Если торопились по делам, вообще внимания не обращали — даже не начинали, не говоря о том, чтобы кончить. А если были заняты и капусты — завались, то даже за деньги не хотели. «Пойди поиграй, — говорили. — Нам надо встретиться с большими парнями».
И вот в один прекрасный день появилась эта Берил Ситон. Она шла по Домейн — это в Сиднее, там, где большие деревья растут, инжир. Там еще все время девки гуляют. Только она не была девкой. Это с первого взгляда видно было. Она была милой, чистой и такой свежей. Она знать не знала, какие люди в этой части Сиднея ходят.
Да, он жил в Сиднее, когда встретил Берил!.. То есть его брат. Сюда, на запад, они совсем недавно переехали с Берил Ситон. Вот так вот.
Брат Джека Смита сидел на лавочке под большим инжиром на Домейн, а эта милашка шагала мимо. Подошла к нему и рядом села.

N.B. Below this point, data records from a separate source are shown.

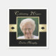 Den 70:e födelsedagsfestens pappra cocktailservetter tillför en 70:e firande en underbar beröring. Ditt foto står i fokus med ord "70-årsjubileet" och namn på födelsedagsjubileet skrivet i ett gyllene färg på svart bakgrund. Copyright henishouseofpaper
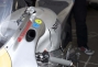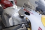 Looking up-close at the race bike, the air intake is immediately eye-catching. The front nose inlet goes straight back like any other RAM air system, while additional breathing for the airbox comes from the two ducts at the top of the fairing, near the windscreen. Those drop down into the forward mock fuel tank, and which houses the four-barrelled throttle body and airbox.
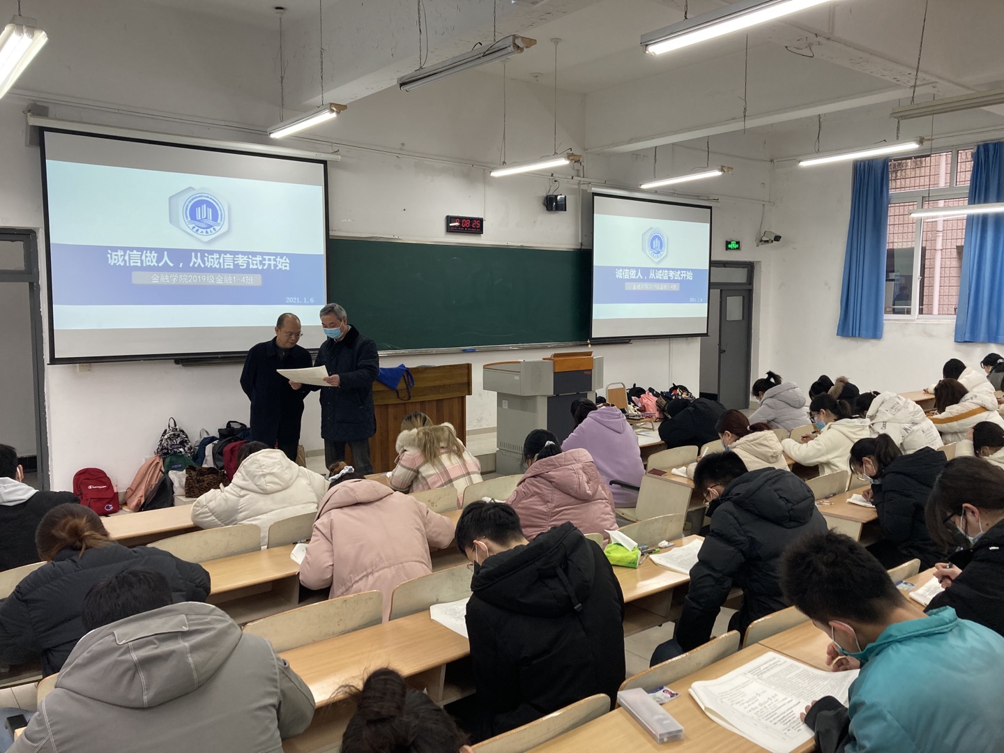为培养具有“新儒商”精神的新时代大学生,践行“诚信做人,从诚信考试开始”的誓言,2021年1月6日76net必赢线路检测中心2019级金融学专业共计159名学生自愿申请在博智楼07207和07208教室举行《金融学》课程的“免监考”诚信考试,这是76net必赢线路检测中心首次举行的“免监考”诚信考试,副校长李国军教授、校长助理谭松涛教授前来巡考。
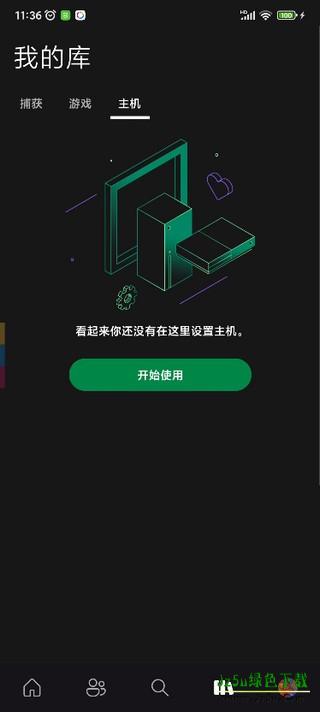 2、然后“我的库”这里就会出现你玩xbox游戏时自动上传的一些成就截图之类,但是还没绑定主机,点击开始使用设置主机
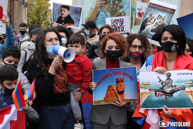 Նախաձեռնության անդամ Լիանա Ադամյանն էլ հիշեցրեց, որ քաղաքացիական բնակչության նկատմամբ միջազգայնորեն արգելված եւ քիմիական զենքեր են կիրառվում եւ ասաց. «Եկեք եւ երաշխիք ստեղծեք, որ լկտի Ադրբեջանը Թուրքիայի հետ պահպանելու է հրադադարը: Մենք կեղծ հրադադար չենք ուզում, կեղծ օրակարգ չենք ուզում, մեր դահիճի հետ սեղան նստել չենք ուզում, նոր խաղաթղթերով բանակցային գործընթաց չենք ուզում, մենք տեւական խաղաղության կողմնակից ենք: Մենք մեր հայրենիքում ապրել ենք դարերով եւ ապրելու ենք դարերով, մենք վաղուց հաղթել ենք մահը, մենք ծնում եւ դաստիարակում ենք այնպիսի սերունդ, որը մահին գնում է ընդառաջ՝ բաց ճակատով: Ասեք ձեր հերոսների անունները, դուք ունե՞ք նման կերպարներ: Հայի արյունով թաթախված եվրոներն ու մանաթները ձեր լռության արդյունք են: Ո՞ւր են ձեր արժեքները, որոնց իբր կրողն եք, մենք ձեր ճակատին ենք տալիս արյան մեջ թաթախված այդ արժեքները, խեղդվեք այդ արյան մեջ, գուցե թե խիղճն արթնանա: Ամոթ»:
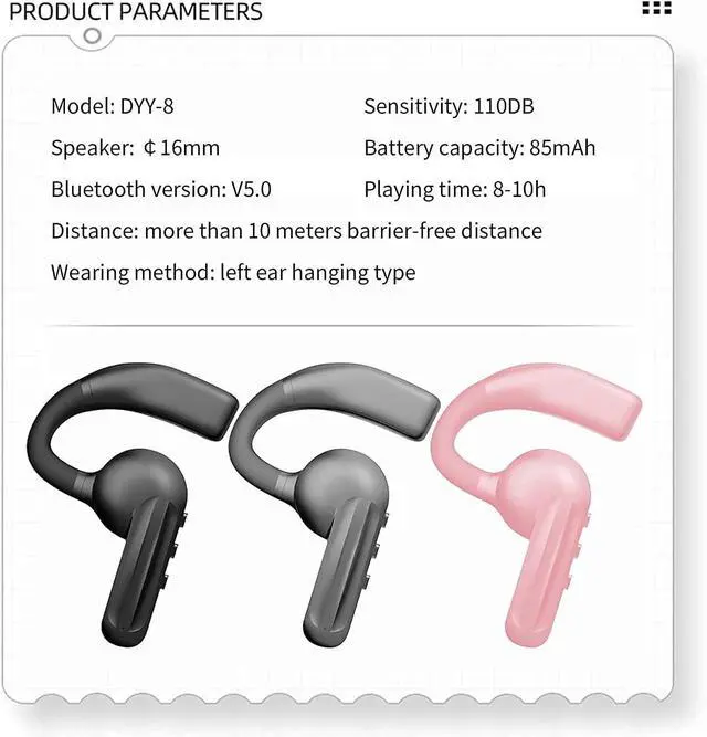 Bluetooth 5.0 headset: This earpiece features automatic pairing when it is activated, faster transmission, wider coverage, high-quality audio source, 10 meters wireless distance.
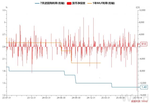 央行公告顯示,10月14日以固定利率、數(shù)量招標方式開展了910億元7天期逆回購操作,操作利率1.40%,投標量910億元,中標量910億元。據(jù)Wind數(shù)據(jù),當日無逆回購到期,所以單日凈投放910億元。
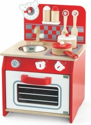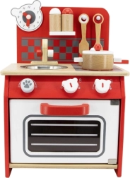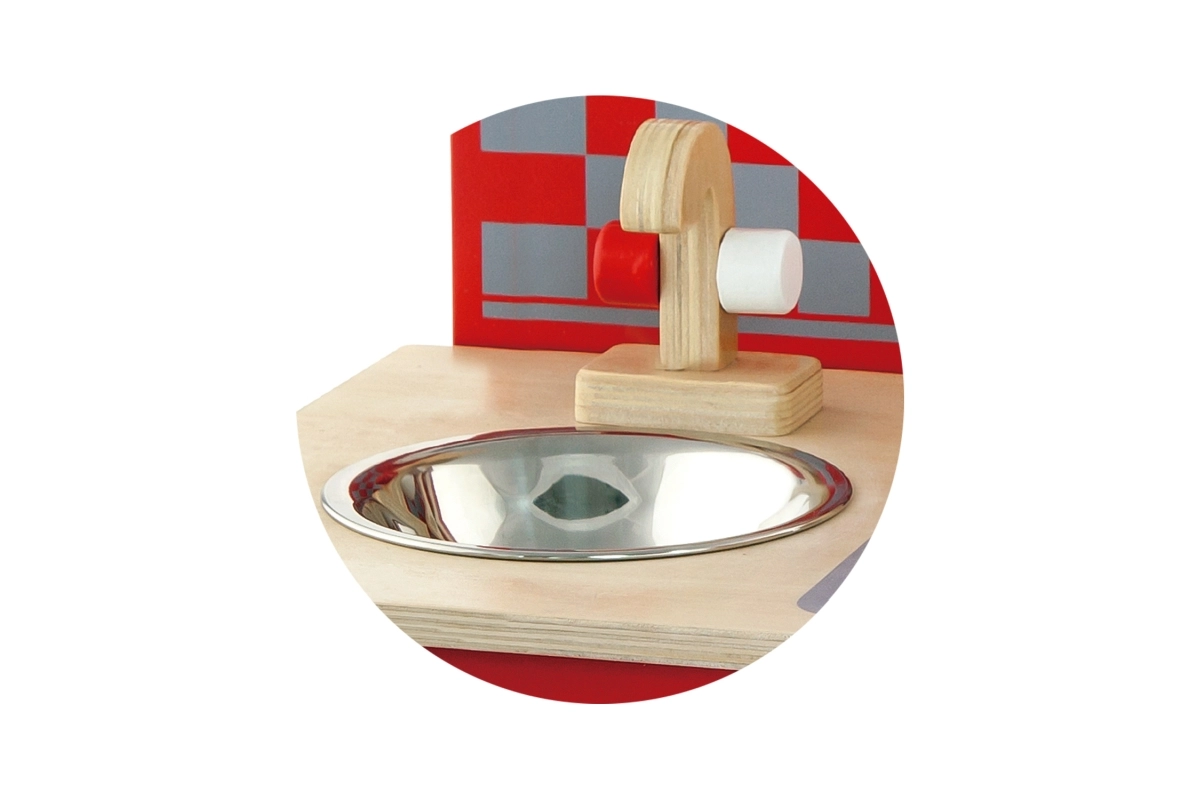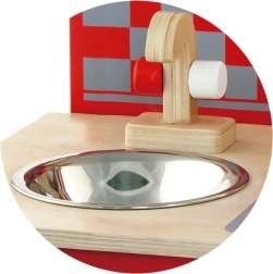 Pateicoties kvalitatīvam koka izpildījumam, šī virtuvīte ir ne tikai izturīga, bet arī estētiski pievilcīga. Iepakojumā iekļauti arī spēļu piederumi, piemēram, lāpstiņa, kauss, katls ar vāku, panna ar vāku un divas garšvielu trauciņi.
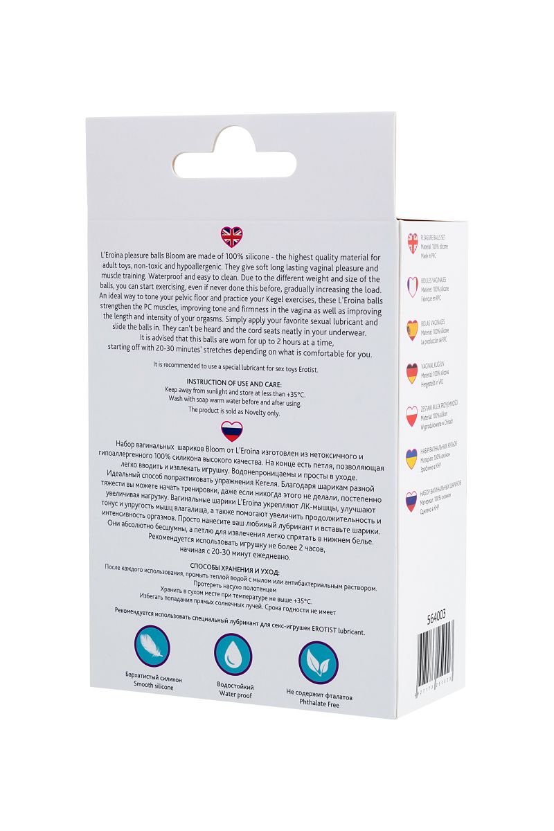 Набор вагинальных шариков Bloom от LEroina изготовлен из нетоксичного и гипоаллергенного 100% силикона высокого качества. На конце есть петля, позволяющая легко вводить и извлекать игрушку. Водонепроницаемы и просты в уходе. Идеальный способ попрактиковать упражнения Кегеля. Благодаря шарикам разной тяжести вы можете начать тренировки, даже если никогда этого не делали, постепенно увеличивая нагрузку. Вагинальные шарики LEroina укрепляют ЛК-мышцы, улучшают тонус и упругость мышц влагалища, а также помогают увеличить продолжительность и интенсивность оргазмов. Они абсолютно бесшумны, а петлю для извлечения легко спрятать в нижнем белье. Рекомендуется использовать игрушку не более 2 часов, начиная с 20-30 минут ежедневно. Длина большого шарика - 13,5 см., диаметр - 3,1 см. Длина среднего шарика - 10,5 см., диаметр - 3,1 см. Длина маленького шарика - 10,5 см., диаметр - 3,1 см.
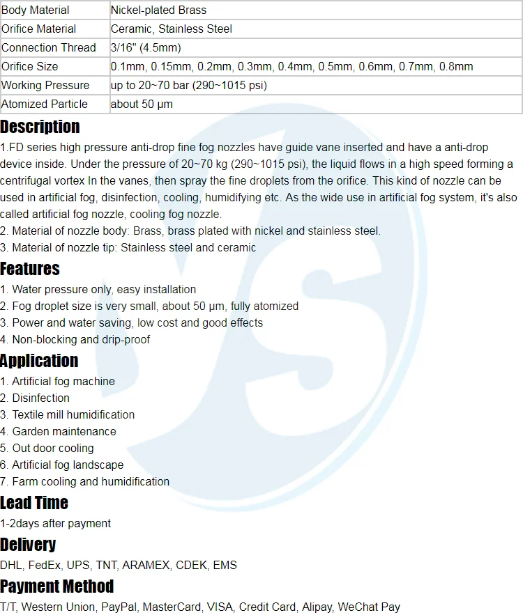 FD 50 Micron High Pressure Mist Fog Nozzle
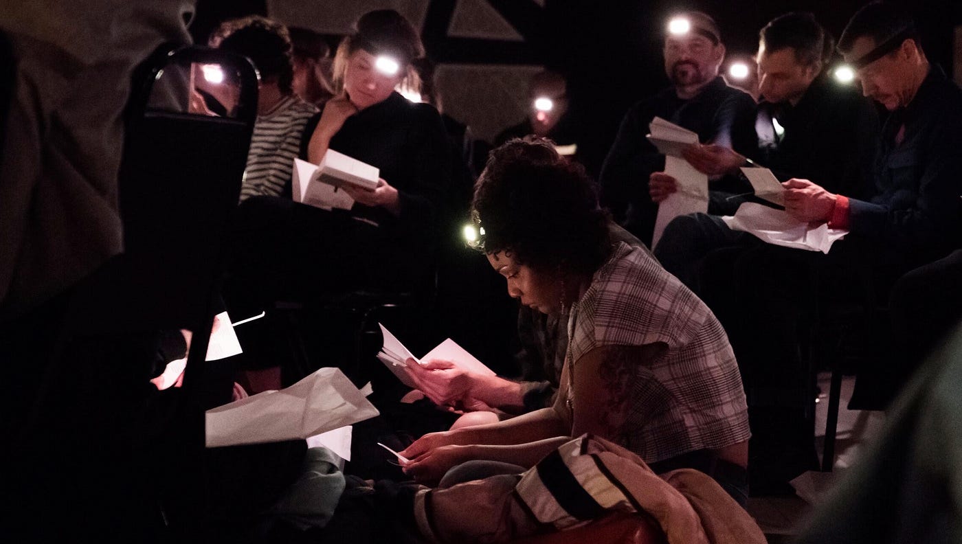 The Eagle and the Tortoise is a live documentary about the Kurdish people and the story of a Turkish woman who became an icon of leftist resistance and a political pawn. When you enter the theater, you don a headlamp and open a handmade book. A live musician starts to play and the performance moves between you reading content alone and then watching a series of video projections while listening to a live narration of Kurdish history, buried villages, and reclassified rivers. Your only interactions are reading, pointing your headlamp in a direction, and two very small personal steps you take from your seat.

Она наблюдала за тем, как деревья качаются, и, когда один инжир… ну, ты сама знаешь, такая маленькая коричневая штучка… упал рядом с ней, вздрогнула и вскрикнула: «Ой!» Да, прямо так, только мелодичней. И несмело улыбнулась брату Джека Смита, как будто извинялась за свою дурацкую оплошность. Натянула юбку на колени и опечалилась. И покраснела за свою глупость, потому что воскликнула «Ой!», когда инжир упал и напугал ее.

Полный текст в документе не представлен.